Colunista do jornal O Globo, veículo que pertence ao grupo de comunicação que liderou o golpe de Estado alicerçado na misoginia contra a Presidenta Dilma Rousseff, publica artigo que toca em um dos pontos nevrálgicos da sociedade brasileira: o machismo, a misoginia e a incapacidade de reflexão autocrítica dos principais atores políticos, intelectuais e instituições. O resultado está aí.

Por Martha Batalha - É um exercício interessante: imaginar que Jair é Jaíra. Cabelo armado e com luzes, olhos claros, a pele branca o suficiente para considerar-se pura de raça. Jaíra num tailleur tom pastel, querendo muito ser ditadora, mas tendo que se dirigir ao povo depois do fiasco do 7 de Setembro, para dizer: “Minhas palavras, por vezes contundentes, decorrem do calor do momento.”

O que o povo brasileiro diria?

Menopausa. É o que dá, botar mulher para dirigir o país.

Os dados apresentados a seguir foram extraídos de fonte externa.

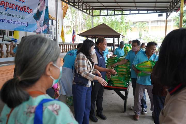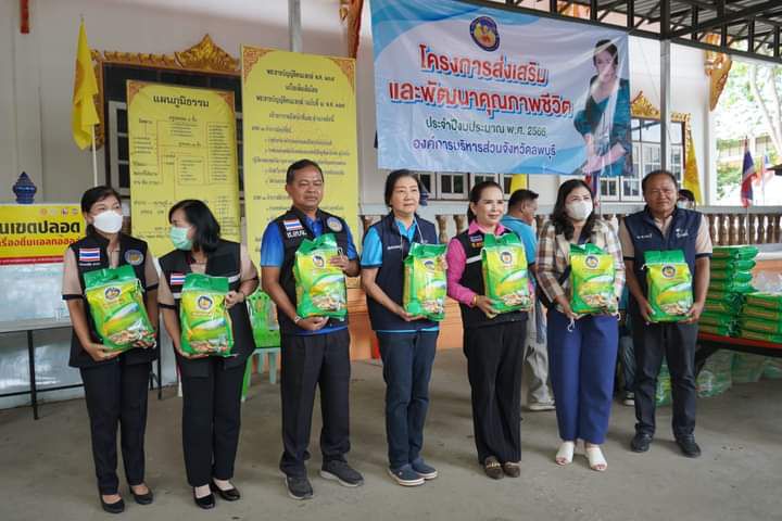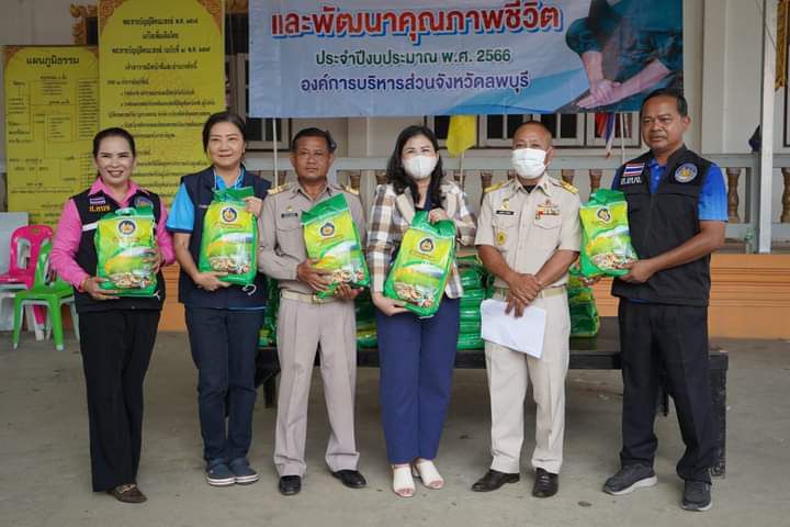 วันที่ 21 สิงหาคม 2566 เวลา 10.00 น. ณ วัดท่าดินดำ อำเภอชัยบาดาล จังหวัดลพบุรี นางอรพิน จิระพันธุ์วาณิช นายกองค์การบริหารส่วนจังหวัดลพบุรี ในฐานะคณะกรรมการบริหารศูนย์อำนวยการขจัดความยากจนและพัฒนาคนทุกช่วงวัยอย่างยั่งยืน ตามหลักปรัชญาเศรษฐกิจพอเพียงจังหวัด (คจพ.จ) ลงพื้นที่มอบเครื่องบริโภค (ข้าวสาร) ช่วยเหลือประชาชนที่มีรายได้น้อยในพื้นที่จังหวัดลพบุรี ตามโครงการส่งเสริมและพัฒนาคุณภาพชีวิตขององค์การบริหารส่วนจังหวัดลพบุรี เพื่อเป็นการส่งเสริมพัฒนาคุณภาพชีวิตและบรรเทาความเดือนร้อนให้แก่ประชาชนในพื้นที่อำเภอชัยบาดาล ทั้งนี้โครงการดังกล่าวจะดำเนินการทั้ง 11 อำเภอในจังหวัดลพบุรี ระหว่างวันที่ 21 สิงหาคม พ.ศ. 2566 ถึงวันที่ 6 กันยายน พ.ศ. 2566
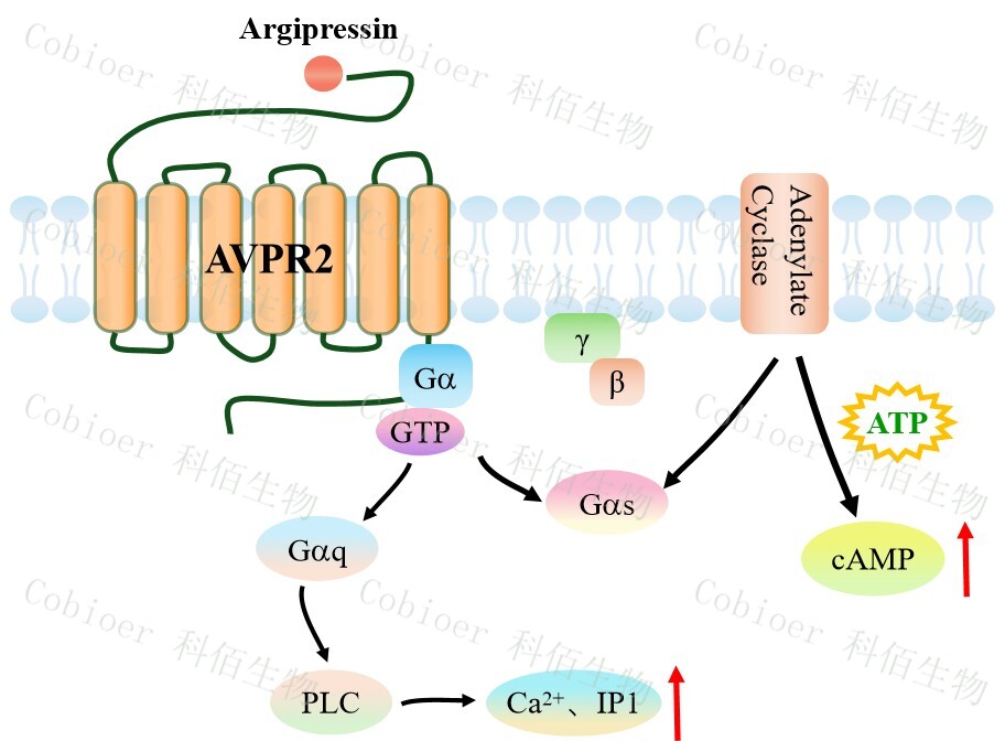 AVPR2(精氨酸加壓素受體 2 型)是一種主要分布于腎臟集合管上皮細胞基底側(cè)的 G 蛋白偶聯(lián)受體(GPCR),屬于加壓素/催產(chǎn)素受體家族,其特異性配體為垂體后葉分泌的 精氨酸加壓素(AVP,又稱抗利尿激素 ADH);該受體通過偶聯(lián) Gs 蛋白,激活腺苷酸環(huán) 化酶,升高 cAMP,激活蛋白激酶 A(PKA),最終磷酸化并促使水通道蛋白 AQP2 向細 胞膜轉(zhuǎn)位,從而增加水的重吸收、濃縮尿液并維持體液平衡;其功能缺陷是 X 連鎖隱性遺 傳性腎性尿崩癥(NDI) 的主要病因(占 90%),患者因基因突變導致受體失活,表現(xiàn)為 多尿、煩渴及低滲尿,而獲得性異常則與鋰中毒或梗阻性腎病相關(guān);此外,AVPR2 作為藥 物靶點,其拮抗劑(如托伐普坦)已用于治療低鈉血癥和心力衰竭的體液潴留。  |

Imagine se Jaíra poderia dizer: “Eu tive quatro mulheres. Na quinta, o esperma fraquejou e saiu um menino.” Se ela usaria um pronunciamento em cadeia nacional para falar com orgulho da filha caçula: “Ela pegava todo mundo no condomínio”. E qual seria a reação dos brasileiros se, num áudio vazado de uma reunião ministerial, eles ouvissem uma líder mulher dizer tantos c%*#alhos, px?*#rras e mer%&das? Qual o tamanho da ferida no moralismo brasileiro, se fosse uma Jaíra a constranger o presidente de Portugal com piadas de baixo calão?

Teria ela a mesma influência sobre os caminhoneiros? Seriam eles leais a Jaíra, quem sabe num estilo Evandro Mesquita, faróis baixos, para-choque duro?

Desconfio que no caso de Jaíra os pedidos de impeachment estariam fora da gaveta, deputados de direita e esquerda certos de que a presidente não estava apta para governar o país, e o tchau querida teria sido proferido há tempos pela oposição.

Jaíra não duraria três anos, Jaíra não poderia ser tão incompetente quanto Jair. Ela jamais poderia se dirigir ao povo ou ao seus pares aos berros e palavrões, não seria agraciada com a mesma tolerância que é dada a um Jair. Imagino o tamanho da raiva, se fosse uma mulher responsável por diminuir o PIB, aumentar a inflação, fazer o dólar extrapolar 5 reais e a gasolina passar dos 7, estar envolvida no esquema de propina de vacinas e na morte de quase 600 mil brasileiros. Mesmo se fosse fascista, racista, machista e corrupta, ela jamais poderia ser tão inepta e mal-educada quanto Jair. Ela não ficaria.

A senadora Kátia Abreu, num momento de estranha inspiração, pediu gravatas de presente aos colegas de Senado, e mandou fazer com elas uma saia pavorosa, capaz de descolar a retina da Glorinha Kalil. Penso nela de vez em quando (e quando penso, desejo que a senadora tenha ao menos lavado as gravatas antes de tal customização) e tenho dúvidas se a ideia é genial ou horripilante, ou os dois. Eu me pergunto se ela fez a saia para contar com a aprovação dos colegas, o modelo como símbolo de submissão e usada por submissão, ou se fez para, diante da aprovação dos pares, plantar uma distração subconsciente, a ilusão da subserviência, para assim avançar as próprias pautas.

No Brasil, há muitas Kátias e nenhuma Jaíra, porque o tipo de sociedade que viabiliza um Jair é o mesmo que inviabiliza mulheres de agirem como ele, restando a elas o querer pouco ou o agir calculado, a manipulação do outro, vulnerável pela vaidade e pela urgência em parecer superior. Não está dando muito certo, parece. Já faz uns 500 anos que parece que não dá certo.